Hartwig shared a humorous story of his first assignment on the Tiru, sitting at the helm of the Tiru steering the submarine. “I was so sick, and I had the dry heaves so bad, that I was causing the sub to run a in a zig-zag pattern while trying to stay on course,” he chuckled. “The commander called down to me to ‘mind the helm.’”

Contrary to popular belief, submarines spend most of their time running on the surface of the waters, not submerged. “And that’s what made it really hard not to get sick,” Hartwig explained. “The rocking of the sub wasn’t so bad, it was the up and down pounding. My bunk was in the aft torpedo area. In rough seas, the bow would drop down and the props would rise right out of the water, then the sub would slam down again. That made it pretty rough,” he admitted.

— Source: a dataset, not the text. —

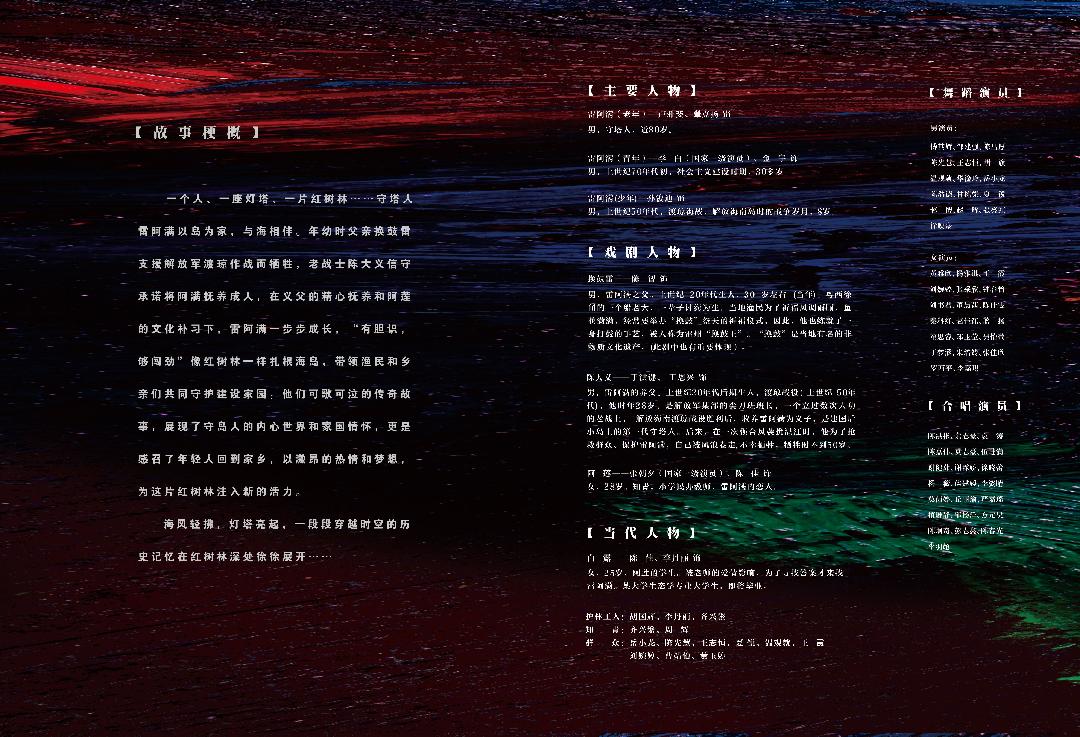 海风轻拂,灯塔亮起,一段段穿越时空的记忆在红树林深处徐徐展开......原创音乐剧《红树林深处的灯塔》由国家一级导演裘华松担任总导演,广东省流行音乐协会主席高翔作曲,剧本由周军创作,以歌唱、舞蹈、戏剧对白、舞美为重要表现手段,讲述了革命后代雷阿满为了恪守义父陈大义的愿望,放弃了上大学的机会,与心爱的姑娘分开,选择扎根海岛数十年,像灯塔一般守护着红树林,为过往船只指明方向。他们可歌可泣的传奇故事,展现了守岛人的内心世界和家国情怀,更是感召了年轻人回到家乡,以激昂的热情和梦想,为这片红树林注入新的活力。

While patrolling the Pacific region in the late 1950s and early 1960s, everything they did was classified, Hartwig said. “We ran daily ops out of Pearl Harbor plus did two 60-day northern runs near Russian waters to spy on them,” he said. “We also did the West-Pac tours of Japan, Hong Kong, the Philippines and Formosa and were based out of Yokosuka Navy Base during those assignments.

After his first year of duty on the Tiru, he was able to take leave and headed back home to Fairmont and married his sweetheart, Joan Wagner. Hartwig had re-enlisted and the newlyweds traveled back to Honolulu to set up their first home. “It was really nice back then,” he remembered. “We had an apartment near Waikiki Beach, and we drove around in a convertible sports car!” But when their first son, Blaine, was born, Hartwig said they had to part with that car.
But submarine duty was hard on their family life, as the Hartwig’s soon found out.  It was about a year later that their next child came. “I was in Japan when my daughter Paige was born,” he said. “My wife Joan came back home to Fairmont with the kids to live.”

Hartwig said he never thought he’d spend six years in submarine service. During those years he experienced some close calls. “We almost lost the sub two times because of accidents while out at sea,” he revealed. “It was my intention to stay in,” he continued, “but with my duty requirements, it was hard on the family.” Hartwig made the decision to leave the service and was honorably discharged from the Navy in 1964.

Hartwig came back home and landed a job with the City of Fairmont as an electrician at the city’s power plant.  Their third child, Cade, was born in 1974. Hartwig stayed with his job and worked his way up to plant supervisor. He took an early retirement in 1996 after 34 years with the City of Fairmont.